Task statement: The data below contains pictures, which are to be skipped; the lines starting at the line with "Vestido Evangélico Feminino" and ending at the line with "Das Obergeschoss beeindruckt" are to be output exactly, both ends included.

Excerpted data:
++++++++++

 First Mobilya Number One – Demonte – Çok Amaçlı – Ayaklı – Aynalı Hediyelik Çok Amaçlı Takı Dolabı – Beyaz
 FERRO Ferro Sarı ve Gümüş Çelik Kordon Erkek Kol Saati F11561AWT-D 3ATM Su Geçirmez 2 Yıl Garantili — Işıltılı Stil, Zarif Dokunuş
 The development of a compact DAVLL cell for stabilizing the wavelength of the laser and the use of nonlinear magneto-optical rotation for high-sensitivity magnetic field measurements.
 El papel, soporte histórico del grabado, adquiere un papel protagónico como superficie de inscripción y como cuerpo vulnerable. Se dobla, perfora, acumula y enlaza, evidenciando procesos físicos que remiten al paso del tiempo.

++++++++++

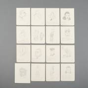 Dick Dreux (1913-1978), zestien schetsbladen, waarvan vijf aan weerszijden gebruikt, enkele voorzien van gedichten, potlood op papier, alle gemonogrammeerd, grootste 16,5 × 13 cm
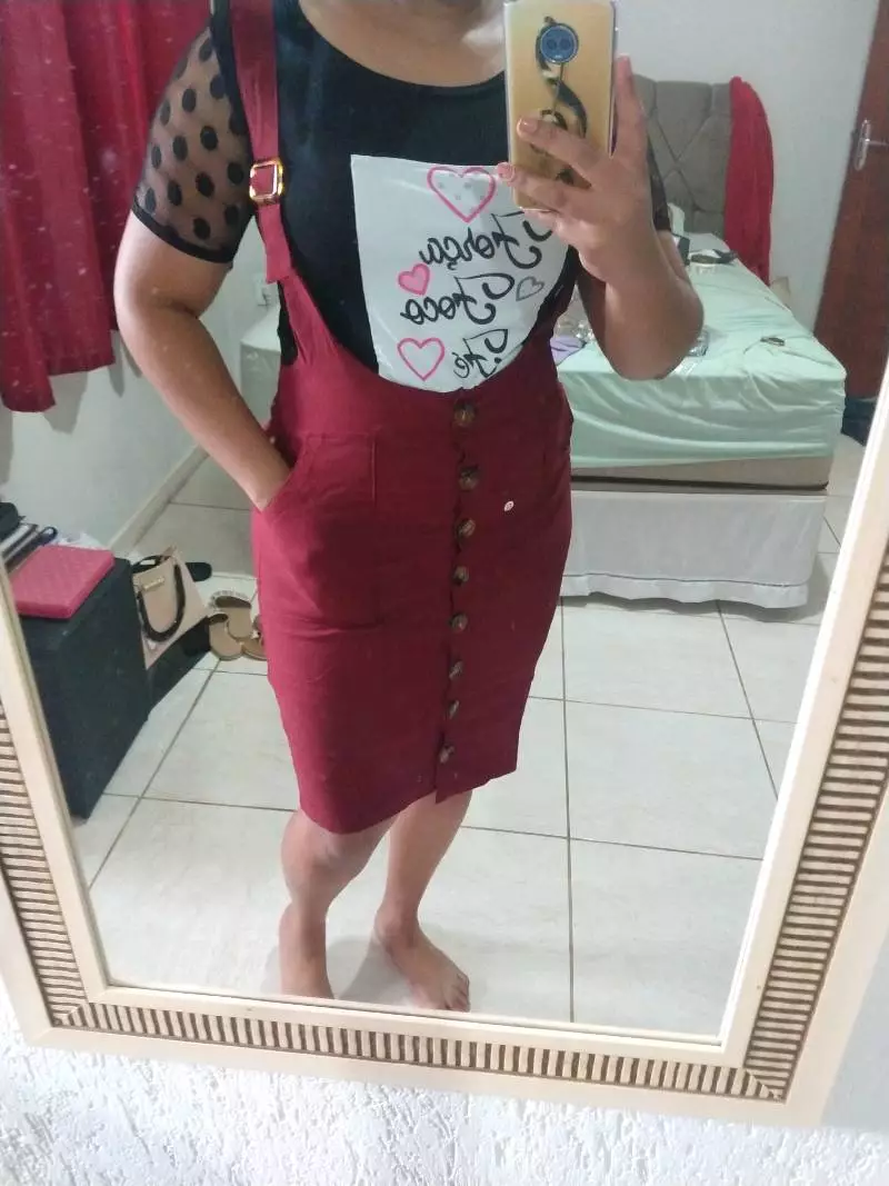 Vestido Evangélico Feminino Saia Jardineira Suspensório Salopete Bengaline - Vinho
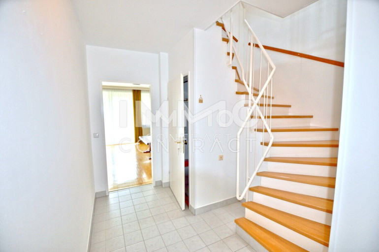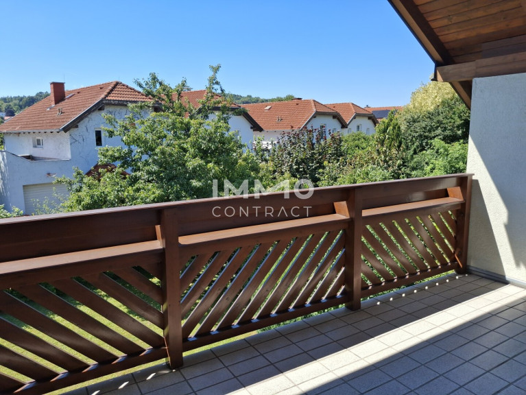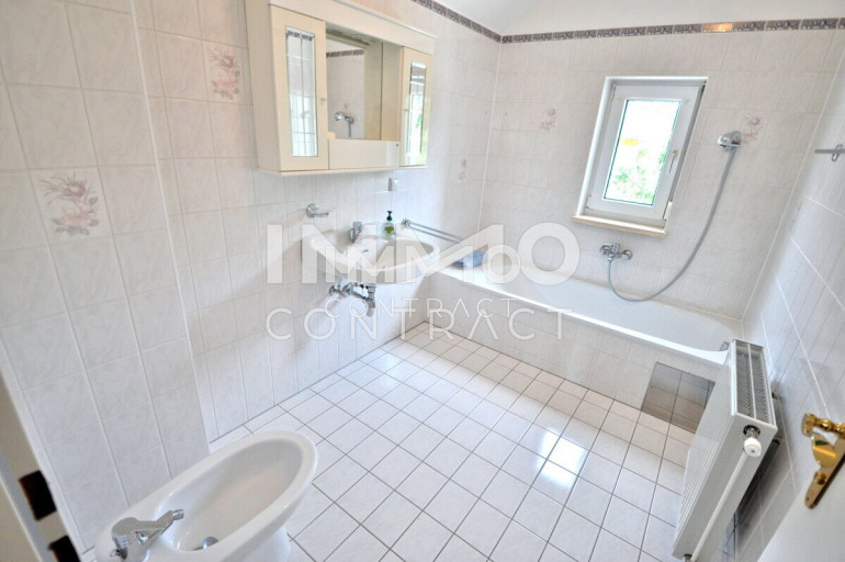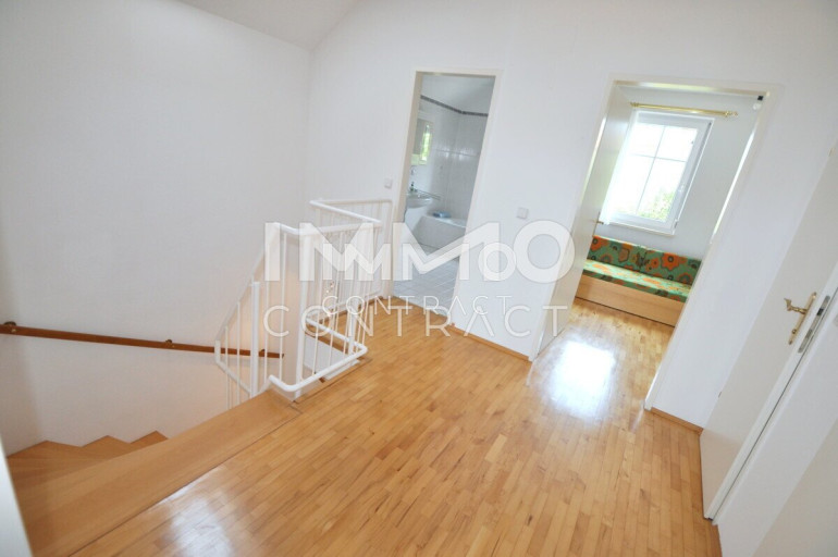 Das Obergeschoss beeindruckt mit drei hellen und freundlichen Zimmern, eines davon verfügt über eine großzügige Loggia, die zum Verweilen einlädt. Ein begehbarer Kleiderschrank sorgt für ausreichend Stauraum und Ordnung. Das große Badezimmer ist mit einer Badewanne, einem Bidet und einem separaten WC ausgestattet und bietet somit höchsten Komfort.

++++++++++

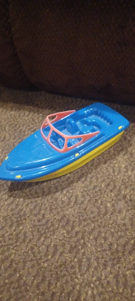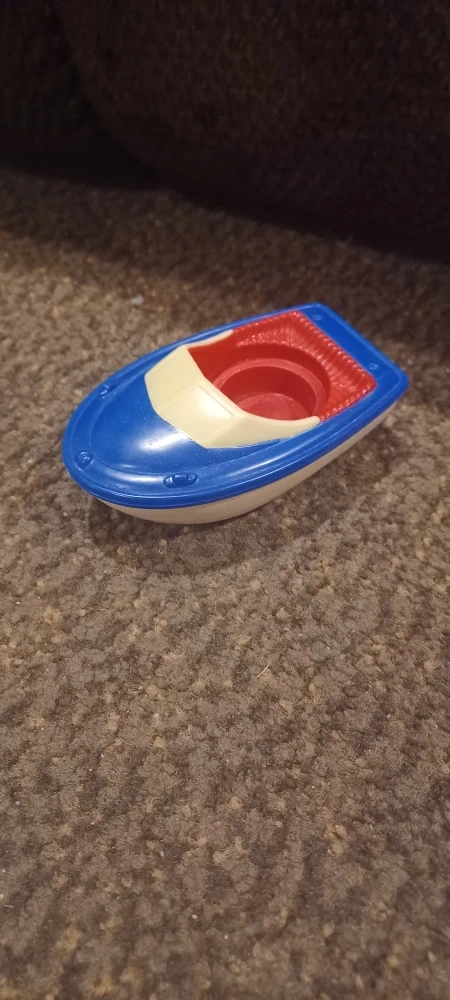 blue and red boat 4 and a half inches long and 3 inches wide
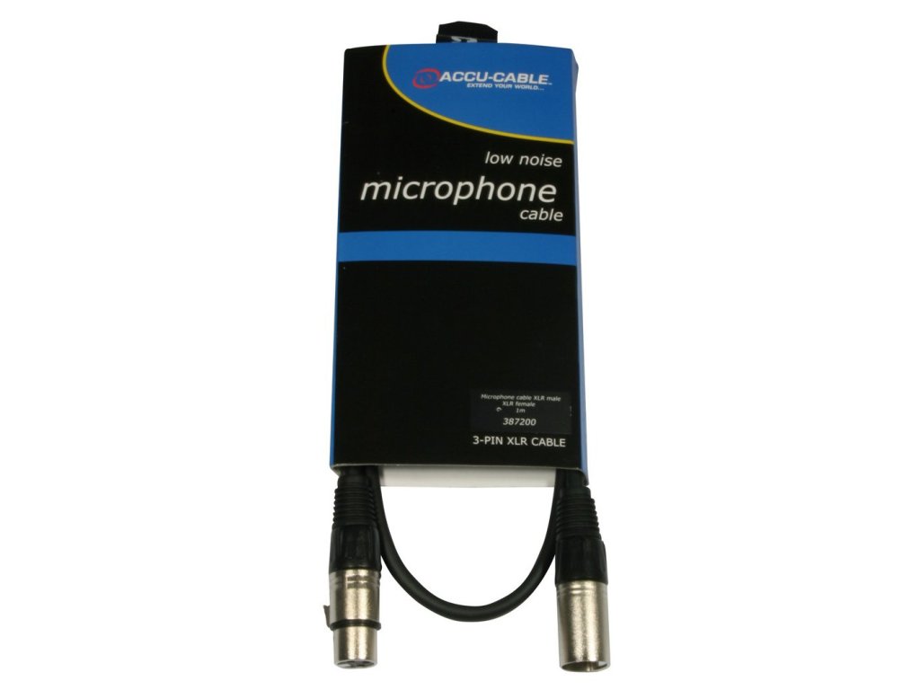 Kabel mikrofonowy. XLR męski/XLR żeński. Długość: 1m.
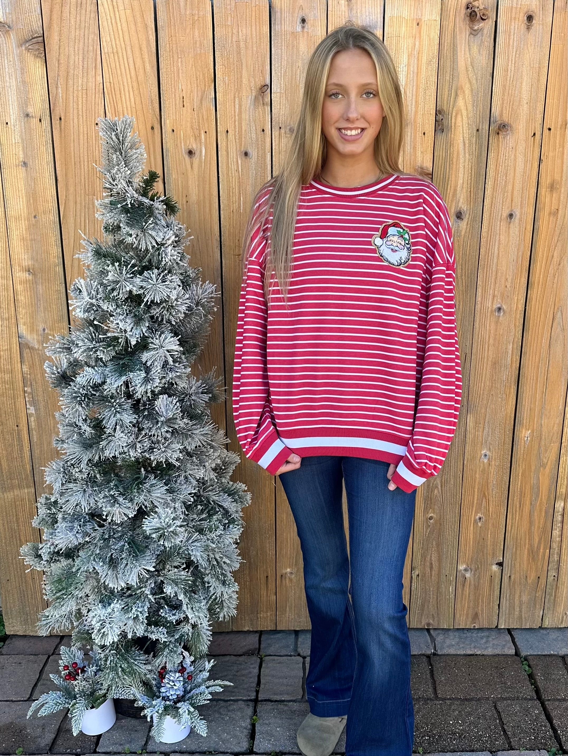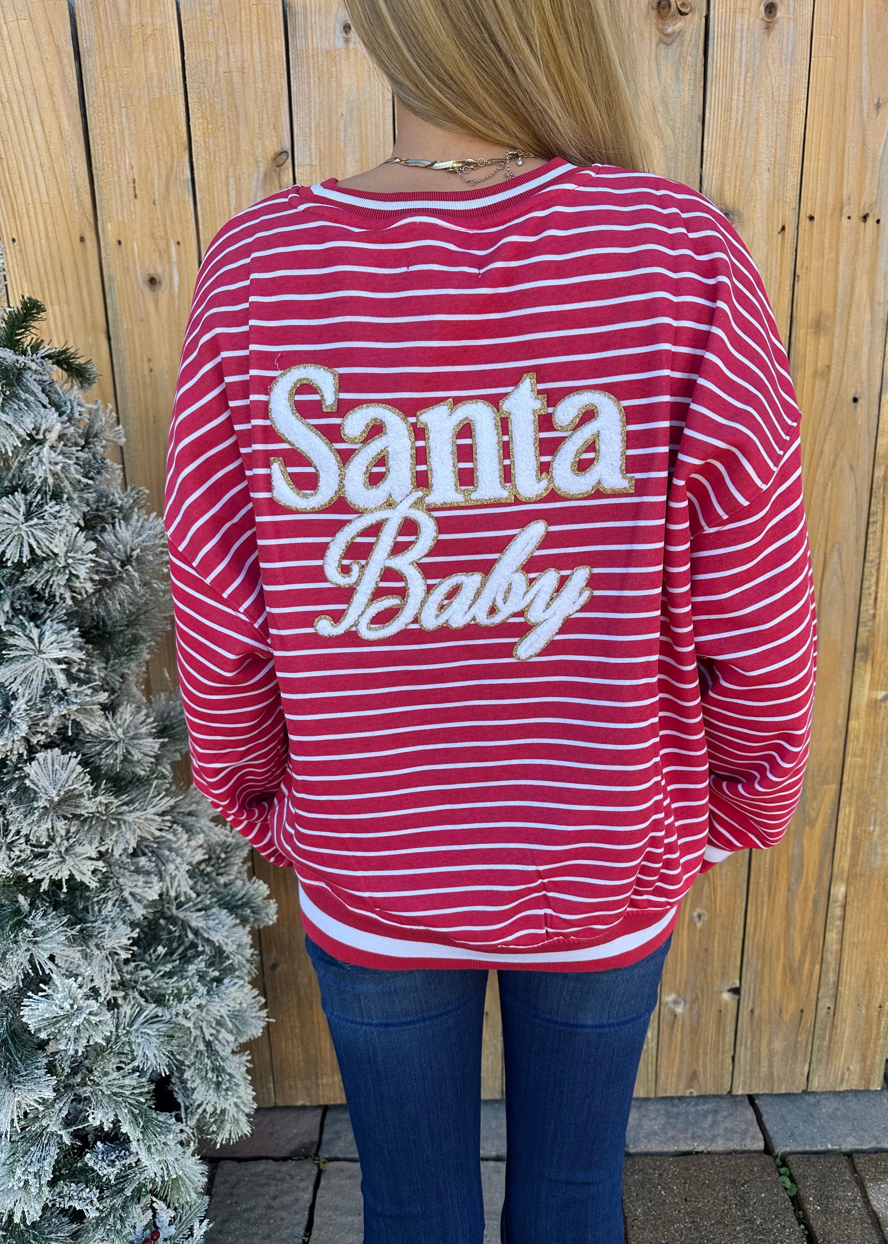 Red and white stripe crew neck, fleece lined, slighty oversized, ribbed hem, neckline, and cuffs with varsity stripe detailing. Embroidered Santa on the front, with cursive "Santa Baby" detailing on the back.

++++++++++

Response to this exercise:
 Vestido Evangélico Feminino Saia Jardineira Suspensório Salopete Bengaline - Vinho
 Das Obergeschoss beeindruckt mit drei hellen und freundlichen Zimmern, eines davon verfügt über eine großzügige Loggia, die zum Verweilen einlädt. Ein begehbarer Kleiderschrank sorgt für ausreichend Stauraum und Ordnung. Das große Badezimmer ist mit einer Badewanne, einem Bidet und einem separaten WC ausgestattet und bietet somit höchsten Komfort.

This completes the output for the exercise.